International career
- 1998–1999: Netherlands / 3 / (0)
- 2001: Morocco / 2 / (0)

= Dries Boussatta =

Dutch–Moroccan former international footballer

Idriss "Dries" Boussatta (born 23 December 1972) is a former international footballer who played professionally in the Netherlands, England and the United Arab Emirates as a right winger. Boussatta played friendlies for both the Netherlands and Morocco national teams.

==Club career==
Born in Amsterdam, Boussatta played in the Netherlands for De Spartaan, VVA/Spartaan, V&V Amsterdam, Ajax, Volendam, Telstar, Haarlem, Utrecht, AZ and Excelsior.

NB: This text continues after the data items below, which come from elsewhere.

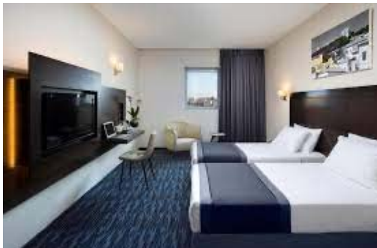
Hotel GOLDEN CROWN Nazareth
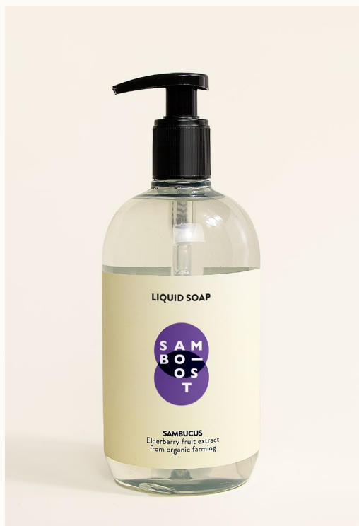
LIQUID SOAP - 500 ml Sapone liquido con estratto di frutti di Sambuco da agricoltura biologica.
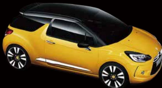
DS 3 スポーツシック
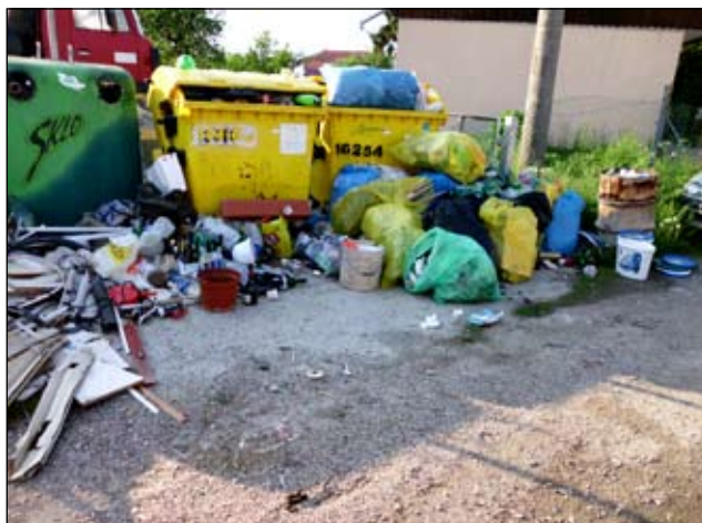
Obrázok 1: Stav pred 1. júnom.
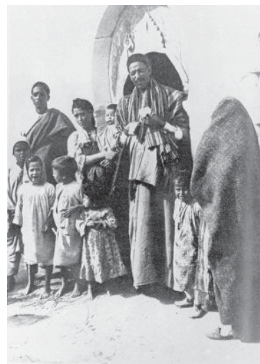
משפחה יהודית (משמאל) בחברת שכנים ערבים בפתח ביתה בכפר, לוב 1936
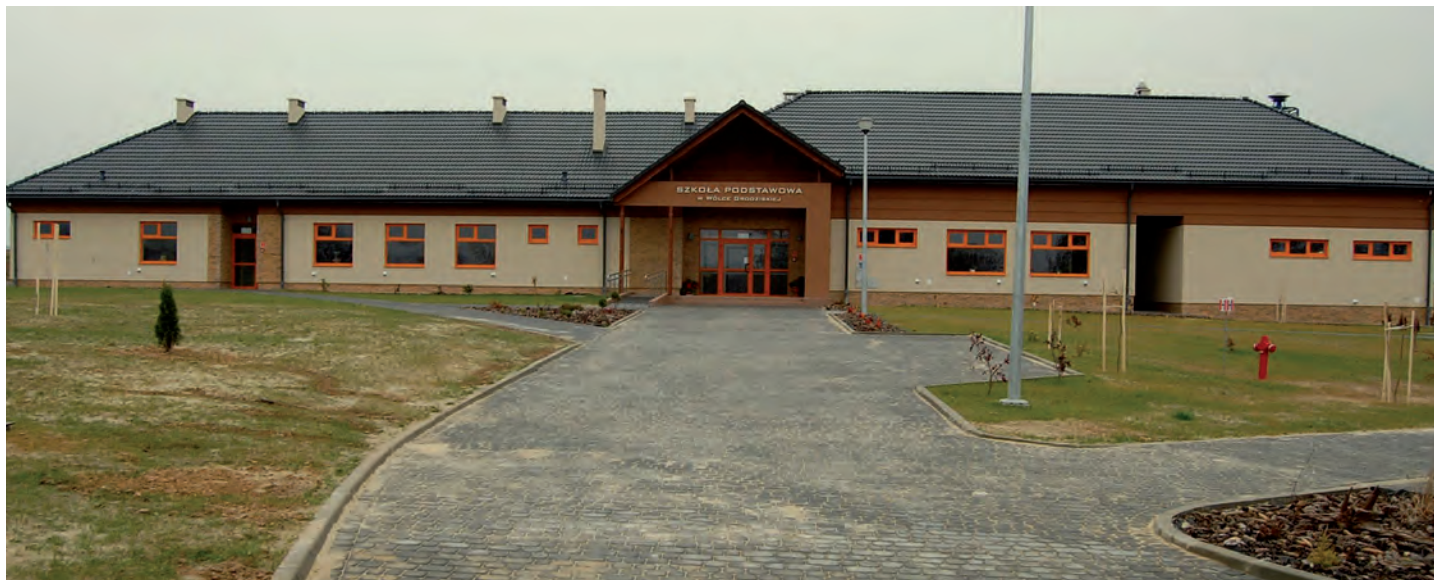
Nowy budynek Społecznej Szkoły Podstawowej oraz Remizy OSP w Wólce Grodziskiej. Wartość inwestycji 4,5 mln. Wykonawca: Firma KOREM z Jeżowego
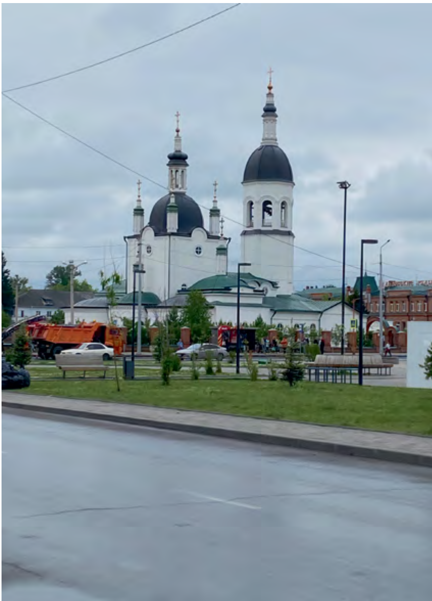
v Канск. Храм на главной городской площади

архитектурного и ландшафтного наследия и приспособления их к современным условиям» жюри отметило Золотым дипломом администрацию города Тобольска, представившую программу «Тобольск настоящий – создаем будущее, не изменяя прошлому».
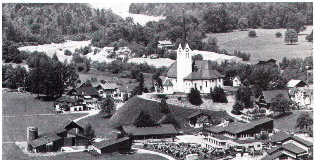
Projekt-Modell und ausgeführte Neubauten der Landw. Schule Giswil OW, die sich feingliedrig der dominierenden Kirche unterordnen und mit dieser eine spannungsvolle Einheit bilden

Maquette (en haut) et bâtiments achevés de l'Ecole d'agriculture de Giswil OW, qui gardent leur rang par rapport à l'église et forment avec elle une remarquable unité.
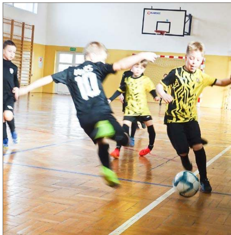
Młodzi piłkarze z Żyrakowa (żółte koszulki) wygrali cztery z pięciu meczów.
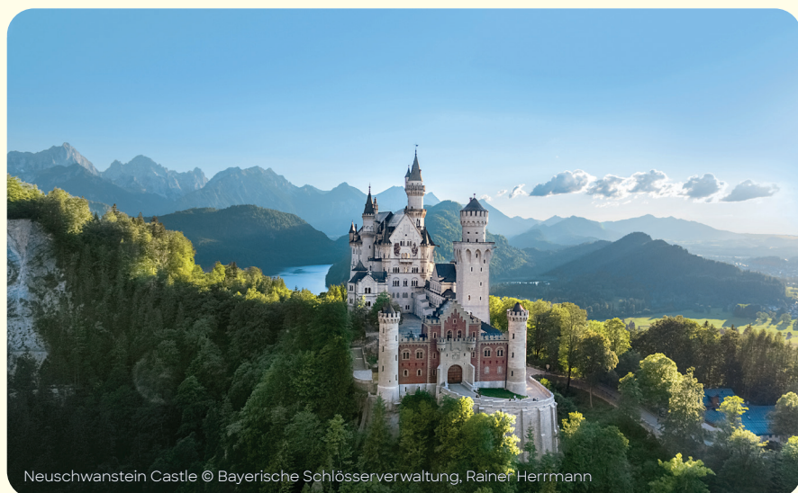
Neuschwanstein Castle

Maaltijden: ontbijtbuffet, 's avonds 3 gangenmenu
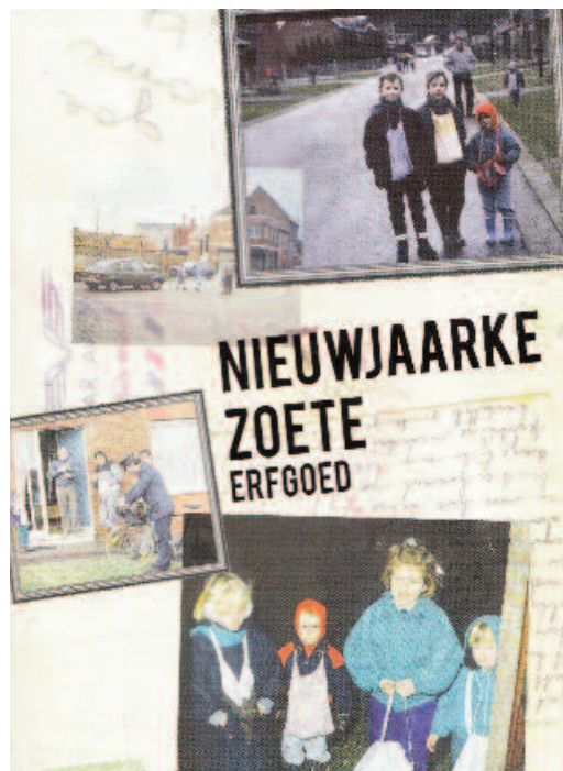
De liedjes van het nieuwjaarszingen in Vorselaar werden gebundeld in deze publicatie.

In 2013 werkten de kindergemeenteraad, de cultuurraad en het gemeentebestuur van Vorselaar samen aan een project rond nieuwjaarszingen. Ook de scholen stapten mee in het project. De kinderen verzamelden nieuwjaarsliedjes, tekenden nieuwjaarskaarten en ontwierpen een nieuwjaarszak om geld en snoep in te verzamelen. De zak werd uitgedeeld aan alle kinderen van het dorp. Het project resulteerde in de publicatie Nieuwjaarke Zoete en een gelijknamige tentoonstelling. Die haalde op de Kunstendag voor Kinderen en de Nacht van het Kempens Erfgoed heel wat kijklustigen. Het project zorgde voor een opmerkelijke stijging van bedelzangers op oudejaarsdag. Aan het gemeentehuis stond een camera opgesteld. Kinderen die er hun nieuwjaarsliedje kwamen zingen, werden gefilmd. De opnames waren vooral bedoeld als publieksactie. Tegelijkertijd zijn de opnames een manier om te documenteren welke liedjes er gezongen worden in Vorselaar. De gemeente wil de actie ieder jaar herhalen om zo de evoluties door de jaren heen te illustreren. Het project Nieuwjaarke Zoete kon rekenen op de steun van erfgoedcel Kempens Karakter.
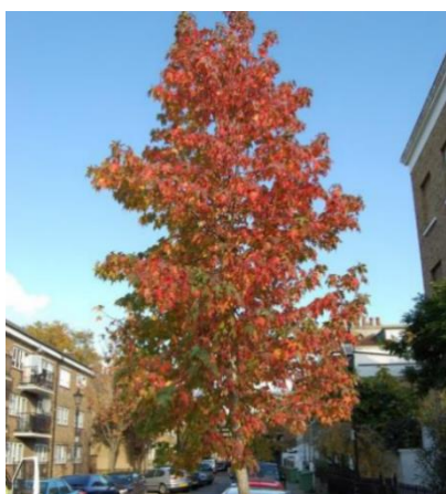
Amerikaanse amberboom (Liquidambar styraciflua). Op de plattegrond aangegeven met rode stip B
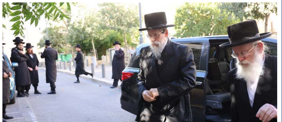
האדמו"רים מגיעים לכינוס המועצת
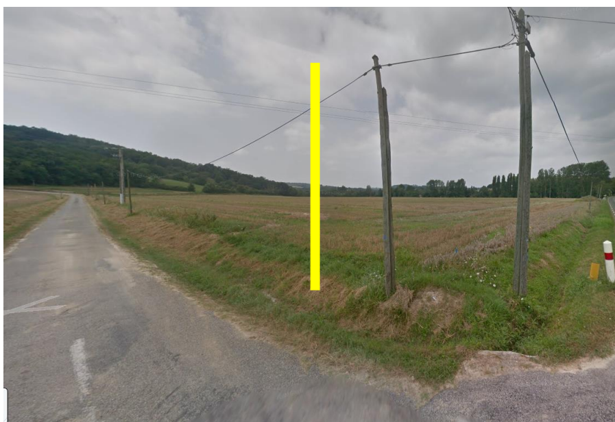
Pose d'un Poteau bois 7m

He also played in England for Sheffield United, making 6 appearances in the Football League, before ending his career in 2004 in the United Arab Emirates with Al-Shaab.

==International career==
Boussatta earned three caps for the Netherlands between 1998 and 1999. By doing so, he "became the first Dutch-born player of Moroccan heritage to represent the Netherlands".

He also appeared in two matches for Morocco in 2001.

==Personal life==
Boussatta is of Moroccan origin; he has publicly spoken about the discrimination his Muslim father received in the Netherlands.
In 2008 Boussatta became involved with a charitable foundation in Morocco. In 2010, he owned a gym, a restaurant, and a coffee shop; he also worked as a player's agent. In 2016, he was sanctioned to court by real estate company WPM who sued him for outstanding backpayments.

In 2010, he was living in Amsterdam, and had a son and a daughter. In 2016, he owned 6 coffee bars under the Buongiorno brand.